Choosing a Research Questions & First Analysis

Choose a Research Question

In the remainder of the course we are going to continue using the dataset we have already begun to explore in class. The dataset of IEEE VIS publications is part of ongoing research and has just been made available to the world. You will be one of the first to dig into and explore this dataset, so there are still lots of interesting observations to make and tools to build.

The full dataset, and explanation about its variables, as well as some first simple visualizations can be found at the following url: http://www.vispubdata.org

In class we have already begun to discuss some interesting questions we may want to ask about this dataset - or tasks we may want to use the dataset for.

Your task is to now choose one of the tasks or higher-level questions that you are interested in and to prepare your first exploratory analysis into the data, keeping this question/task in mind. In the following I prepared a few sample tasks and questions that you can choose from. If you would like to ask/choose other questions, please contact your instructor to verify that you question is at the adequate level for this and the following assignments.

NOTE: in the following descriptions I talk only about papers of type "J" or "C" in the dataset. It is best to also restrict your analysis to these two types of paper.

Sample Research Questions

Supporting Peer-Review

Every paper in the dataset (of type "J" and "C") has undergone a process called peer-review (read the following wikipedia article for more details). This means that in order to get accepted at the IEEE VIS conference, the paper has been assigned to four reviewers all of which read the paper, gave comments, and gave it an accept or reject recommendation. The process of peer-review, however, is not without problems (see this Nature article or this JRSM paper). One of the challenges with peer-review is finding the right experts for a paper with a given topic. These experts have to have two main properties:

  • they need to be (very) knowledgeable about the topic of the paper.
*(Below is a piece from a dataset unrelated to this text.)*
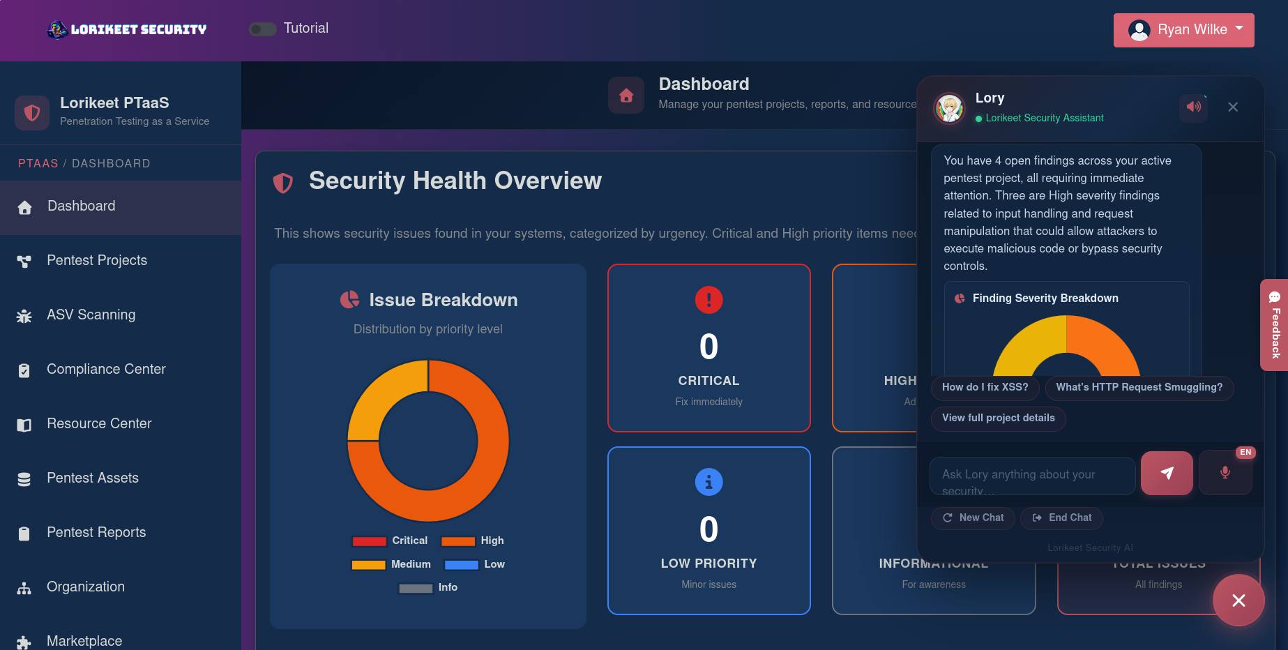 - ->Manual Pentesting: Unlike automated scanners that spit out false positives, Lorikeet’s engagements are 100% manual. You can track the progress of the security researchers live in your portal.

Knowledge about a topic, can, for example be established by looking at the past work of a reviewer -- their past papers and the topics of these papers. A knowledgeable reviewer is also typically one who has been active in the community by publishing papers for a few years (although it does sometimes happen that a PhD student with only 1-2 published papers can become a reviewer if they are sufficiently specialized).
  • they are not allowed to be in conflict with any of the authors of the paper. A conflict arises if a reviewer has co-authored a publications (with any of the authors of the paper subjected to peer review) within the last five years (there are also other sources of conflict such as joint grants, friendships, or supervisor-student relationships - that we will not consider here).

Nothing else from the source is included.